(Required action): Omit every picture, and retype the lines that run from the beginning of the data below through the line containing "1月23日中国产学研合作促进", inclusive.

(Provided data):

'''

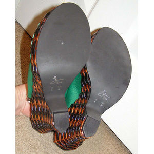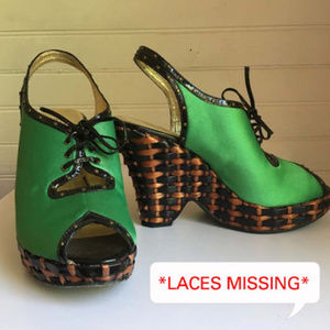 Gorgeous pair of shoes - vibrant shade of green satin and real woven straw wedge heels.
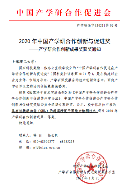 1月23日中国产学研合作促进会【产学研函字(2021)第06号】发布通知。经中国产学研合作创新与促进会组织专家对项目进行评审,我校光电信息与计算机工程学院庄松林院士领衔、韩森教授团队攻关的“具有抗扰动功能(QHL)的超高精度平面绝对检测技术”项目荣获2020年中国产学研合作创新成果一等奖。
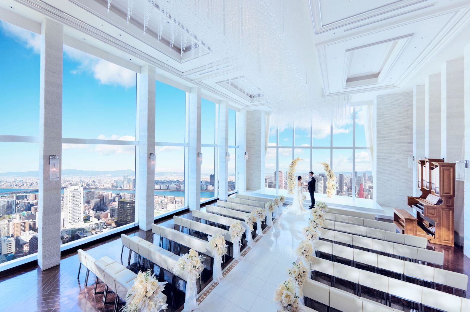 特徴 | 【JR大阪駅の最上階】好アクセス&駅直結の専用エレベーターで繋がる大阪No.1の立地 | 【2025年★うめきたにグランドオープン!】大阪駅から直結◎グラングリーン大阪に誕生 | 【JR大阪駅直通】話題の新ランドマーク、グラングリーン大阪内にGRAND OPEN! | 【大阪梅田駅から徒歩1分】11年連続口コミランキング受賞!25年大阪チャペル総合1位 | 【大阪駅直結】国内外の数多くの賞を受賞したラグジュアリーホテルで上質なおもてなし | 上品なシャンデリアが耀くモダンな雰囲気の少人数専門のチャペル。 |

'''

(Result of the task):
 Gorgeous pair of shoes - vibrant shade of green satin and real woven straw wedge heels.
 1月23日中国产学研合作促进会【产学研函字(2021)第06号】发布通知。经中国产学研合作创新与促进会组织专家对项目进行评审,我校光电信息与计算机工程学院庄松林院士领衔、韩森教授团队攻关的“具有抗扰动功能(QHL)的超高精度平面绝对检测技术”项目荣获2020年中国产学研合作创新成果一等奖。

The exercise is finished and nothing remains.